When Cassie receives a video of Nina’s rape, she sees Ryan was there… watching. Not helping.
She ends it instantly.
For Cassie, nothing about that night is forgivable.
Why Cassie Sacrifices Herself at the End
Betrayed again — first by her parents’ emotional absence, now by Ryan — Cassie doubles down on her mission.
Why should Al Monroe get to marry, thrive, and enjoy life when Nina couldn’t?
Cassie knows invading his bachelor party could get her killed. She plans for it.

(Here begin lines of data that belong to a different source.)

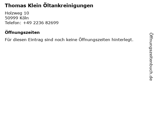 | Öffnungszeiten Thomas Klein Öltankreinigungen in Köln anzeigen | |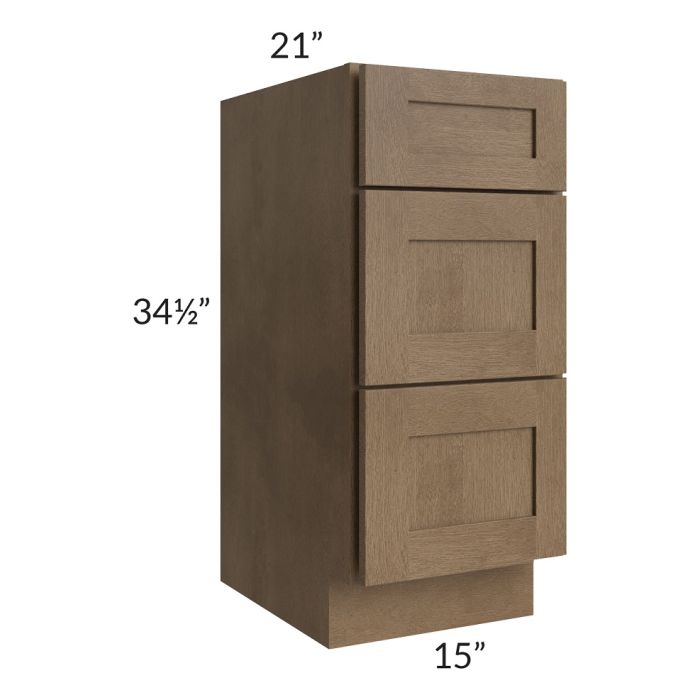Midtown Mocha Shaker 15" Vanity 3-Drawer Base Cabinet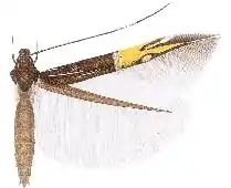 Female. Forewing length 3.9 mm. Head: frons shining ochreous-white, vertex, neck tufts and collar shining dark brown with reddish gloss and some bluish and greenish reflections, lined white laterally; labial palpus first segment very short, ochreous-white, second segment three-quarters of the length of third, dark brown with white longitudinal lines laterally, third segment white, lined dark brown laterally; scape dorsally shining dark brown with a white anterior line, ventrally shining ochreous-white, antenna shining dark brown with a white anterior line from base to beyond one half, distal part interrupted, followed towards apex by one white segment, one dark brown, a white section of approximately eight segments, apical part dark brown and slightly serrate. Thorax and tegulae shining dark brown with reddish gloss and greenish reflection. Legs: shining dark brown, femora shining ochreous, femur of hindleg with golden gloss, tibiae of foreleg and midleg with white medial spots and narrow white apical rings, tarsal segments one to three and five of foreleg and midleg with longitudinal white lines, tibia of hindleg with bluish silver subbasal and medial streaks and a white apical ring, tarsal segments one to four dark brown with golden gloss, segment five entirely ochreous-white, spurs dark greyish brown, apically lighter. Forewing shining dark brown with reddish gloss, three narrow white lines in the basal area, a subcostal from base to one-eighth, bending from costa distally, a medial just above fold from near base to one-third, a short dorsal, starting just before end of the medial, a shining dark yellow transverse fascia beyond the middle with a very long apical protrusion, bordered on the inner edge by a narrow, tubercular, silver metallic fascia with greenish reflection and with a blackish brown subcostal spot on outside, bordered on the outer edge by a longitudinal tubercular silver metallic costal spot with a white costal streak, on dorsum, slightly inward of the costal spot, an oval metallic silver dorsal spot, both spots broadly edged dark brown, a silver metallic apical line from the apical protrusion, changing to shining white in the cilia, cilia dark brown around apex, slightly paler towards dorsum. Hindwing shining dark brown with reddish gloss, cilia dark brown. Underside: forewing shining dark brown, hindwing shining dark brown. Abdomen dorsally dark brown with reddish gloss, ventrally shining greyish brown, segments banded broad yellowish white posteriorly, anal tuft shining dark brown.[1]

Her brilliance, once promising, is now devoted entirely to revenge. She leaves a trail of clues. And when she dies, a scheduled text appears on Ryan’s phone:
“You didn’t think this was the end…? It is now. Enjoy the wedding! Love, Cassie & Nina.”
Her burned body is found.
Al Monroe is arrested at his wedding.
Cassie’s obsession succeeds.
Or does it?
Maybe, in a tragic way, Cassie gets what she longed for — to be with Nina again.
But isn’t this the saddest ending Promising Young Woman could have?
That Cassie never had enough love or self-worth to save her own life, even when she couldn’t save Nina’s?
Where Did This Lead Her?
Cassie’s story ends in self-destruction. A brilliant, traumatized young woman sacrificed to a culture that refuses to hear women, refuses to see rape for what it is, and refuses to help.
Her obsession didn’t heal her.
It consumed her.
To avenge Nina, Cassie had to commit a slow, trauma-driven suicide of her own.